Directions for the data below: repeat exactly the lines from the one with "Bring a playful" through the one with "Dessert service, unmarked, pink", both included, and omit all pictures.

* DATA *

<<<<

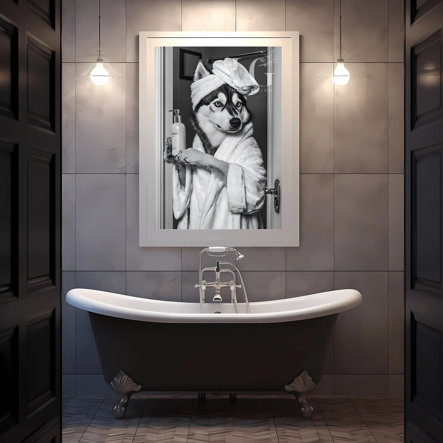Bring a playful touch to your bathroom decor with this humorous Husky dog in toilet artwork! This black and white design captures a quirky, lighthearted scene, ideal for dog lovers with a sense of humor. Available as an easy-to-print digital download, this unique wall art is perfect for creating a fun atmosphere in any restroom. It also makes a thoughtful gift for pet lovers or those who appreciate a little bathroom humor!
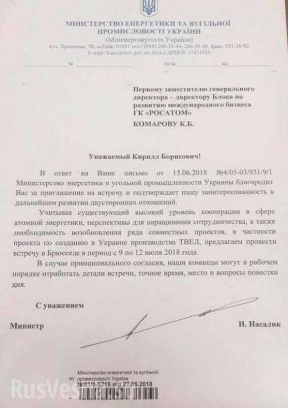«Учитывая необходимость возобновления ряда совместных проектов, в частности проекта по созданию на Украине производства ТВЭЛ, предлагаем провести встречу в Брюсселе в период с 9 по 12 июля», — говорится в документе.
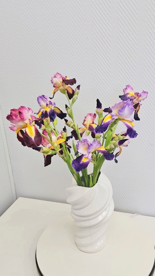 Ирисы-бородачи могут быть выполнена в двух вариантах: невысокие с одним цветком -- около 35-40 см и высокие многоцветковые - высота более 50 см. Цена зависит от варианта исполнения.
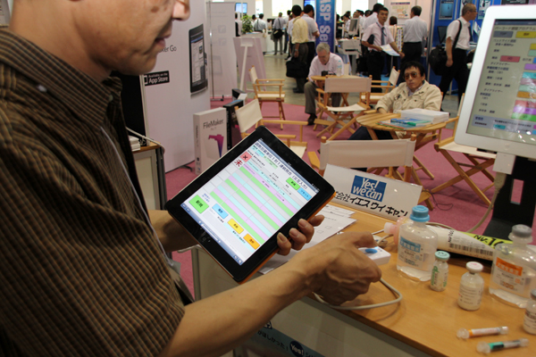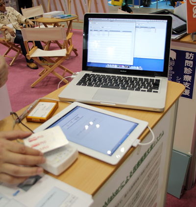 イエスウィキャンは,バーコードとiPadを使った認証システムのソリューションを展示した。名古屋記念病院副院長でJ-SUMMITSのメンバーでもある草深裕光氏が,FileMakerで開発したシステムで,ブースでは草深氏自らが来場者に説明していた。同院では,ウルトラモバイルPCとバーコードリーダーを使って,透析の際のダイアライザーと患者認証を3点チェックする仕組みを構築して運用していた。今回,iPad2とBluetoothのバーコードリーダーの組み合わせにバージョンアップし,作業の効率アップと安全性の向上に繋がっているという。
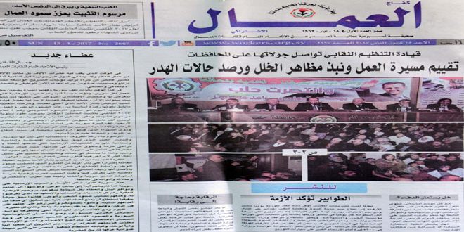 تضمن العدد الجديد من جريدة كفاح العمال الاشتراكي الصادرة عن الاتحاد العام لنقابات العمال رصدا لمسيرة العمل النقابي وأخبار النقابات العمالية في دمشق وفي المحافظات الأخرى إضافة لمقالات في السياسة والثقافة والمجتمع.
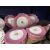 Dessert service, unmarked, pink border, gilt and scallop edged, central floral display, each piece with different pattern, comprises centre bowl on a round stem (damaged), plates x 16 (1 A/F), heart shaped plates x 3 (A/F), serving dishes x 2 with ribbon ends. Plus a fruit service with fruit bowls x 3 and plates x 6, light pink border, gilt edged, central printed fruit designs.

>>>>
<<<<

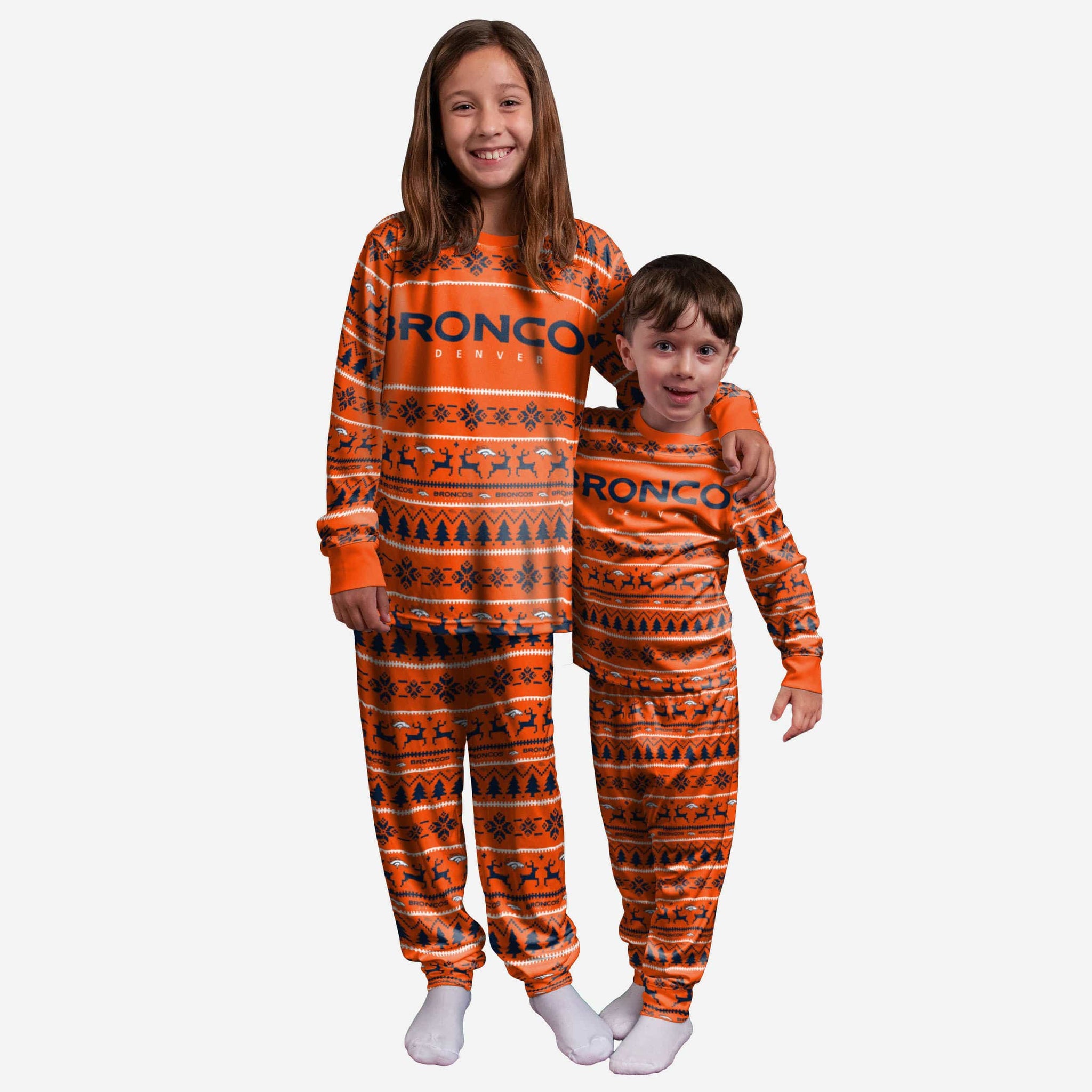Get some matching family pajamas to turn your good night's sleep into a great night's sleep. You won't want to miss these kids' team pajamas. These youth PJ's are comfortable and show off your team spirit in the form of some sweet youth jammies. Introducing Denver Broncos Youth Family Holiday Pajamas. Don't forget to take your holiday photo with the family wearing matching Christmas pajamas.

>>>>

* ANSWER TO THIS TASK *
Bring a playful touch to your bathroom decor with this humorous Husky dog in toilet artwork! This black and white design captures a quirky, lighthearted scene, ideal for dog lovers with a sense of humor. Available as an easy-to-print digital download, this unique wall art is perfect for creating a fun atmosphere in any restroom. It also makes a thoughtful gift for pet lovers or those who appreciate a little bathroom humor!
«Учитывая необходимость возобновления ряда совместных проектов, в частности проекта по созданию на Украине производства ТВЭЛ, предлагаем провести встречу в Брюсселе в период с 9 по 12 июля», — говорится в документе.
 Ирисы-бородачи могут быть выполнена в двух вариантах: невысокие с одним цветком -- около 35-40 см и высокие многоцветковые - высота более 50 см. Цена зависит от варианта исполнения.
 イエスウィキャンは,バーコードとiPadを使った認証システムのソリューションを展示した。名古屋記念病院副院長でJ-SUMMITSのメンバーでもある草深裕光氏が,FileMakerで開発したシステムで,ブースでは草深氏自らが来場者に説明していた。同院では,ウルトラモバイルPCとバーコードリーダーを使って,透析の際のダイアライザーと患者認証を3点チェックする仕組みを構築して運用していた。今回,iPad2とBluetoothのバーコードリーダーの組み合わせにバージョンアップし,作業の効率アップと安全性の向上に繋がっているという。
 تضمن العدد الجديد من جريدة كفاح العمال الاشتراكي الصادرة عن الاتحاد العام لنقابات العمال رصدا لمسيرة العمل النقابي وأخبار النقابات العمالية في دمشق وفي المحافظات الأخرى إضافة لمقالات في السياسة والثقافة والمجتمع.
 Dessert service, unmarked, pink border, gilt and scallop edged, central floral display, each piece with different pattern, comprises centre bowl on a round stem (damaged), plates x 16 (1 A/F), heart shaped plates x 3 (A/F), serving dishes x 2 with ribbon ends. Plus a fruit service with fruit bowls x 3 and plates x 6, light pink border, gilt edged, central printed fruit designs.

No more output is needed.